RE: tetration bending uniqueness ? - tommy1729 - 08/30/2010
(08/30/2010, 08:56 AM)bo198214 Wrote: Whats a bending point?
f ''(x) = 0
x^3 bends at 0.
RE: tetration bending uniqueness ? - tommy1729 - 06/06/2011
i almost forgot about this post.
maybe give it some attention again , assuming i did not make a mistake in the OP.
RE: tetration bending uniqueness ? - bo198214 - 06/07/2011
(08/28/2010, 11:23 PM)tommy1729 Wrote: tet(0) = 0 = slog(0)

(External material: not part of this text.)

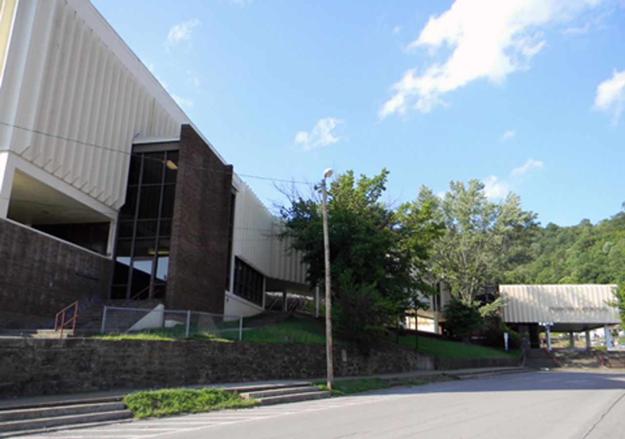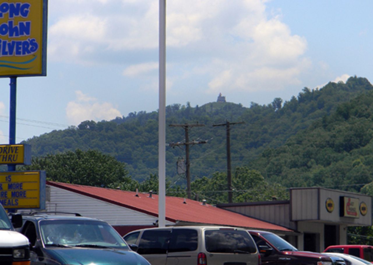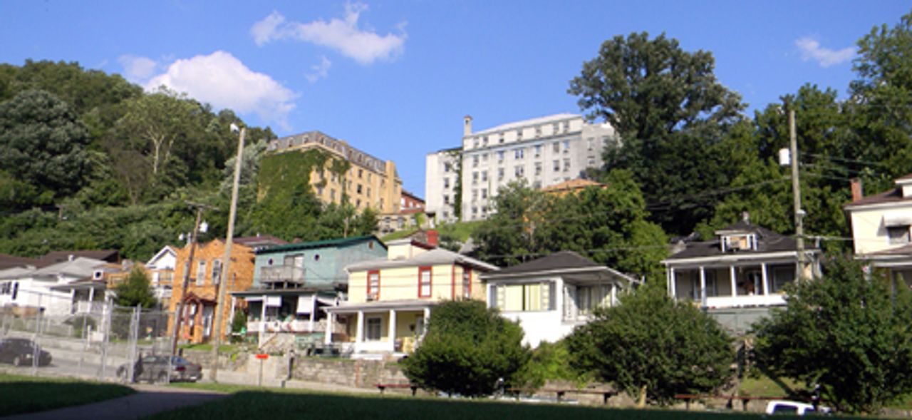 A section of downtown Williamson. At the top of the hill stands the former hospital.

As far as I remember tet(0)=1.
RE: tetration bending uniqueness ? - bo198214 - 06/07/2011
(08/28/2010, 11:23 PM)tommy1729 Wrote: log(tet'(z+r)) + A = log(tet'(z)) + B?
hence bending points in
sexp(slog(z) + r) correspond to bending points in sexp(z).
I dont see how that follows, nor does it seem to be right.
For example the fractional iterates of c^x, c>eta have no bending points imho,
while the curvature of sexp in (-2,0) seems to be negative for me, while for greater x it appears to be positive. So there must be a bending point somewhere.
RE: tetration bending uniqueness ? - mike3 - 06/07/2011
Hmm. This makes me wonder about the following conjecture:
The "principal" analytic fractional iterates \( \exp^t(x) \), \( t \ge 0 \) of the natural exponential (and perhaps any with \( b > \eta \)) are uniquely characterized by
\( \frac{d^n}{dx^n} \exp^t(x) > 0 \) for all \( x \), all \( t \ge 0 \) and all \( n > 0 \).